Dr. Bindu stated Kerala’s experiment is to withstand NEP with a larger education mannequin that fits the particular wants of the State and its folks. “Kerala intends to build a people-centric knowledge society. This model of knowledge society is different from the model projected by the developed, capitalist society. Our model intends to take engagement with knowledge production and research to a larger society,” she claimed.

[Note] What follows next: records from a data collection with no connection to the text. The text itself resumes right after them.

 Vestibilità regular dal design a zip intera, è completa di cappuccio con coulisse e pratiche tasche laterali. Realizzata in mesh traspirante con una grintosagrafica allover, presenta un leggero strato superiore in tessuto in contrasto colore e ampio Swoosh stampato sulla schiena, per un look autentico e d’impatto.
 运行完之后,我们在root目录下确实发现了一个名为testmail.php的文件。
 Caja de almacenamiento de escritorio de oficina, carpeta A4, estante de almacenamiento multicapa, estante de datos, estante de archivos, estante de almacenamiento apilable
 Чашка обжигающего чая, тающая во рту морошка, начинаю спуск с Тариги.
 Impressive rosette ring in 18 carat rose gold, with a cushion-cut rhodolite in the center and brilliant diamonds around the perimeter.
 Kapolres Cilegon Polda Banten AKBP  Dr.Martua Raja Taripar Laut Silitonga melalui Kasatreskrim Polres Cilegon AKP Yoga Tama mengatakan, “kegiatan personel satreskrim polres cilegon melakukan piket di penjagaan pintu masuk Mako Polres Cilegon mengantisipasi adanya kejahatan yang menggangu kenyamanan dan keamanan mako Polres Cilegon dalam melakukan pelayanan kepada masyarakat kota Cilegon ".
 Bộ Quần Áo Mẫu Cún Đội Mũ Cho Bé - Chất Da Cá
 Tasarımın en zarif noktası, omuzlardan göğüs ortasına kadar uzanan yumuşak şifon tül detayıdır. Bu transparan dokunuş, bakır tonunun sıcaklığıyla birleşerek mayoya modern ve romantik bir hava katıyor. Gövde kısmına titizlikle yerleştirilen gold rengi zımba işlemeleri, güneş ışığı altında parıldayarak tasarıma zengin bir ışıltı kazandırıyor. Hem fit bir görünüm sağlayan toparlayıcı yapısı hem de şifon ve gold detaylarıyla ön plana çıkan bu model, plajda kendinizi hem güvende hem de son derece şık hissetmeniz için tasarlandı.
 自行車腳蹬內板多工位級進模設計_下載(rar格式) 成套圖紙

The NEP, the Kerala Minister stated, is for dismantling of the affiliating system of schools and such a transfer will likely be detrimental for the scholars from the agricultural areas particularly the tribal college students. “Regional availability of educational facilities is important in the case of access. Despite the claims of the NEP, it has failed to identify and address the socio-economic challenges faced by India’s educational progress,” she added.

She stated the phrase “Indianness” is repeated within the doc many instances, however the definition of “Indianness” is simply too slender and constricted. “The repeated assertions of Indianness paves the way for the very narrow concept of the nation in the present situation. The variety, plurality and diversity of our nation is the wealth of India, but unfortunately instead of seeing this multiplicity and cultural polyphony as an asset, the NEP dismisses it as fragmentation,” she alleged.